Our inclusive creed

For I handed on to you as of first importance what I in turn had received: that Christ died for our sins in accordance with the scriptures, and that he was buried, and that he was raised on the third day in accordance with the scriptures,
(1 Corinthians 15:3-4 NRSV)

Ever since I first began to conceive of a truly ecumenical Christian society, I knew full well that one of the biggest issues that separate Christians are the different doctrines that Christianity has developed over the centuries.  Many, if not most of these doctrines (such as the infallibility of Holy Scripture in all matters both theological and historical, believers baptism vs infant baptism, open vs closed communion etc) have their staunch supports and indeed can all be argued with integrity by their adherents.

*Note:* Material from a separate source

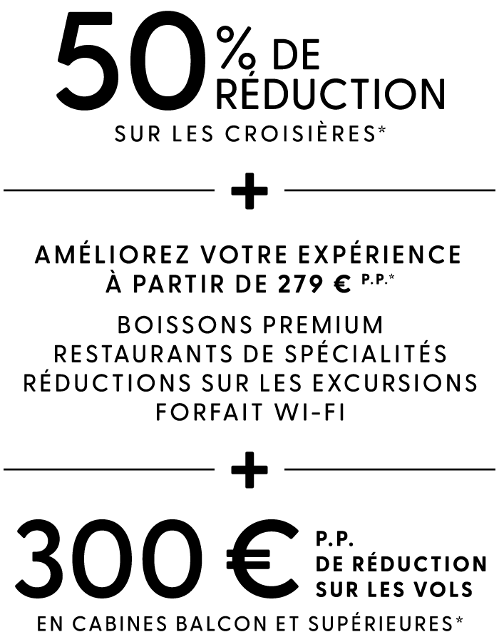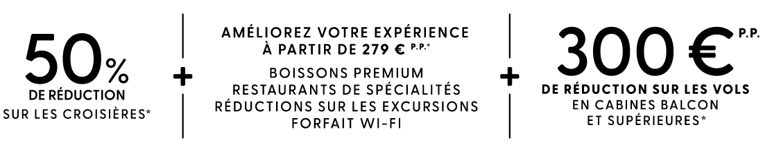Le forfait n'est pas disponible pour les croisières de moins de 5 jours ni sur les croisières charter.

I believe though, that for a truly ecumenical Christian group to exist, we must all be able to affirm our belief in one core, essential creed.  This is the creed the Apostle Paul gives us in 1 Corinthians 15:3-4.    If we can agree on this, all the other beliefs that we have added on to it over the centuries, while perhaps important to our individual faith systems, do not have to stand in the way of each one of us being able to proclaim to all that accept this simple creed that “you are my brother, you are my sister, in faith.”

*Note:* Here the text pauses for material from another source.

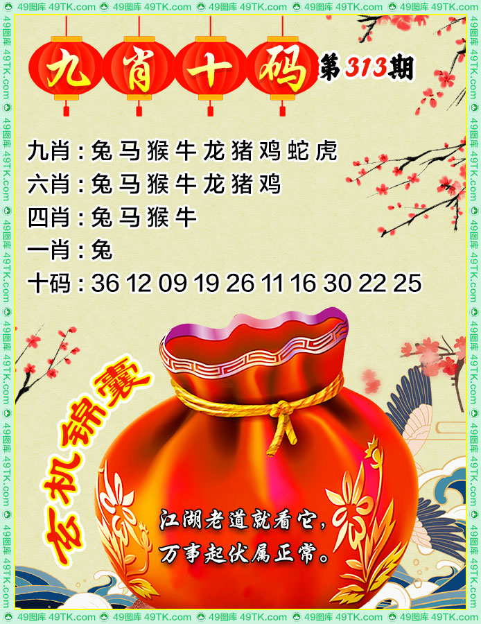 | 313期:必中七肖: 鼠龙牛羊马鸡兔 |

One of the main reasons that I feel this society should exist, is to model for the world how Christ desires us to be inclusive, to work to create a Christianity where no one who feels the call to serve Christ will feel excluded, simply because some of their views on matters of faith are different than what others may believe.  We must always remember that the Holy Spirit of our living God talks to each of us in different ways, helping people in different cultural contexts and different times experience God in ways that make sense according to their own understanding of scripture, their own reason, the traditions of their culture, and their own life experience.  To be a member of the society is to acknowledge and rejoice in the fact that we all experience our faith in different ways.  To be a member of the society is to respect each other’s individual beliefs, sharing our faith with each other in a non-confrontational or judgemental way.